* GIVEN DATA:
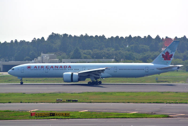 カナダ航空の777が着陸して来ました。 カナダといえばメープルで尾翼に大きく描かれています。
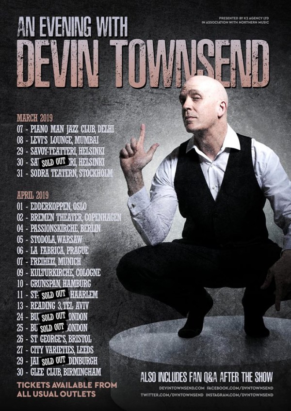Devin Townsend vient d'annoncer une tournée acoustique européenne très spéciale qui commencera fin mars 2019 et se poursuivra tout le mois d'avril. En effet, le principe de "An Evening With" c'est de proposer des concerts intimes avec une session de questions / réponses entre le public et l'artiste à la fin de la soirée. Devin Townsend jouera bien entendu des morceaux de son catalogue et compte bien partager avec ses fans des informations sur son prochain album "Empath".
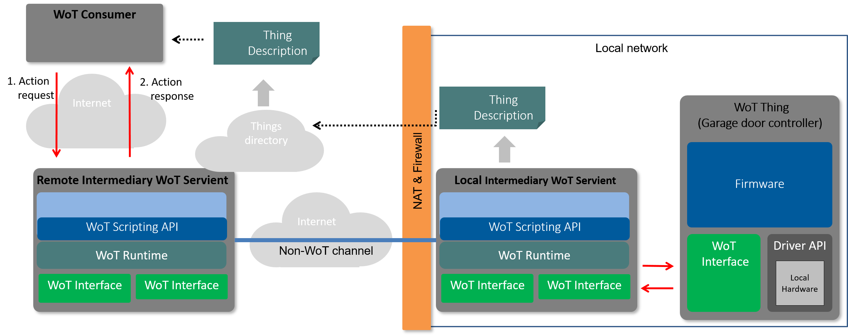 The Thing Description that the Intermediary WoT Servient device provides to the WoT Consumer can be the same as it gets from the device exposing the WoT Thing or it can be modified to better suit the deployment use case or expose additional functionality via the Intermediary WoT Servient. It is also possible that the end device behind the Intermediary WoT Servient is a non-WoT Device and does not provide any Thing Description on its own, and may not support any interaction via a WoT-compatible network Interface. In this case the Intermediary WoT Servient has to build the Thing Description by itself i and expose it to the WoT Consumer. For all typical use cases, the Intermediary WoT Servient should be considered a trusted entity and in this case it can freely modify or build Thing Descriptions it exposes as well as set up fine-grained access controls on different exposed WoT Interfaces. The Intermediary WoT Servient can do this using the same methods described in Section § 7.1 Basic Interaction between WoT Thing and WoT Consumer, i and therefore acts fully on behalf of the end device.
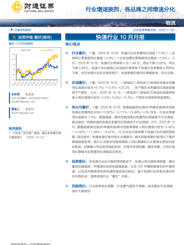【财通证券】【202511】快递行业10月月报:行业增速换挡,各品牌之间增速分化-11页 证券期货研究报告
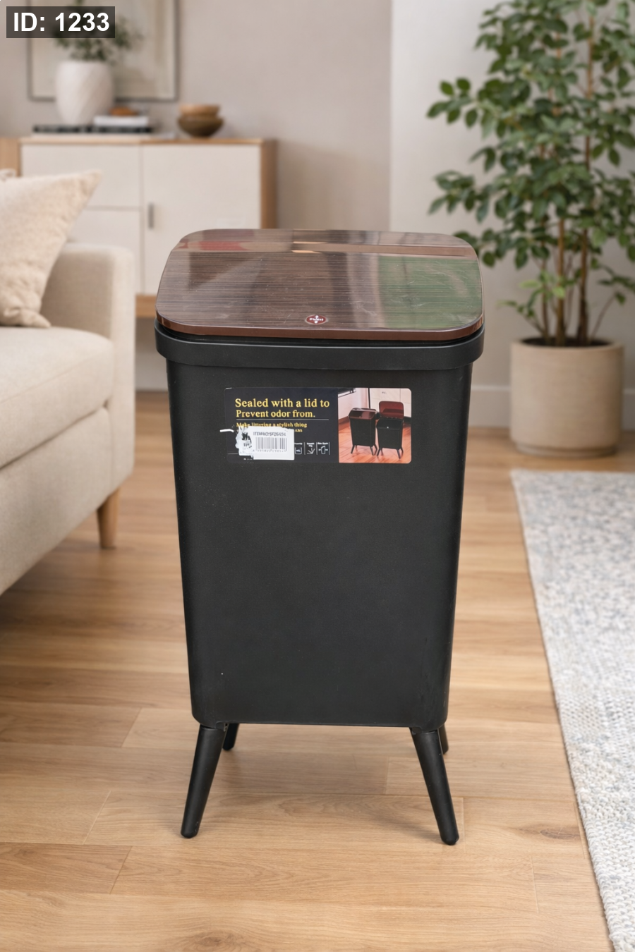 سلة نفايات مع ارجل خشب

* PROMPT: Write out the data exactly, and exclude every picture it holds.

* SOLUTION TO THIS TASK:
 カナダ航空の777が着陸して来ました。 カナダといえばメープルで尾翼に大きく描かれています。
Devin Townsend vient d'annoncer une tournée acoustique européenne très spéciale qui commencera fin mars 2019 et se poursuivra tout le mois d'avril. En effet, le principe de "An Evening With" c'est de proposer des concerts intimes avec une session de questions / réponses entre le public et l'artiste à la fin de la soirée. Devin Townsend jouera bien entendu des morceaux de son catalogue et compte bien partager avec ses fans des informations sur son prochain album "Empath".
 The Thing Description that the Intermediary WoT Servient device provides to the WoT Consumer can be the same as it gets from the device exposing the WoT Thing or it can be modified to better suit the deployment use case or expose additional functionality via the Intermediary WoT Servient. It is also possible that the end device behind the Intermediary WoT Servient is a non-WoT Device and does not provide any Thing Description on its own, and may not support any interaction via a WoT-compatible network Interface. In this case the Intermediary WoT Servient has to build the Thing Description by itself i and expose it to the WoT Consumer. For all typical use cases, the Intermediary WoT Servient should be considered a trusted entity and in this case it can freely modify or build Thing Descriptions it exposes as well as set up fine-grained access controls on different exposed WoT Interfaces. The Intermediary WoT Servient can do this using the same methods described in Section § 7.1 Basic Interaction between WoT Thing and WoT Consumer, i and therefore acts fully on behalf of the end device.
【财通证券】【202511】快递行业10月月报:行业增速换挡,各品牌之间增速分化-11页 证券期货研究报告
 سلة نفايات مع ارجل خشب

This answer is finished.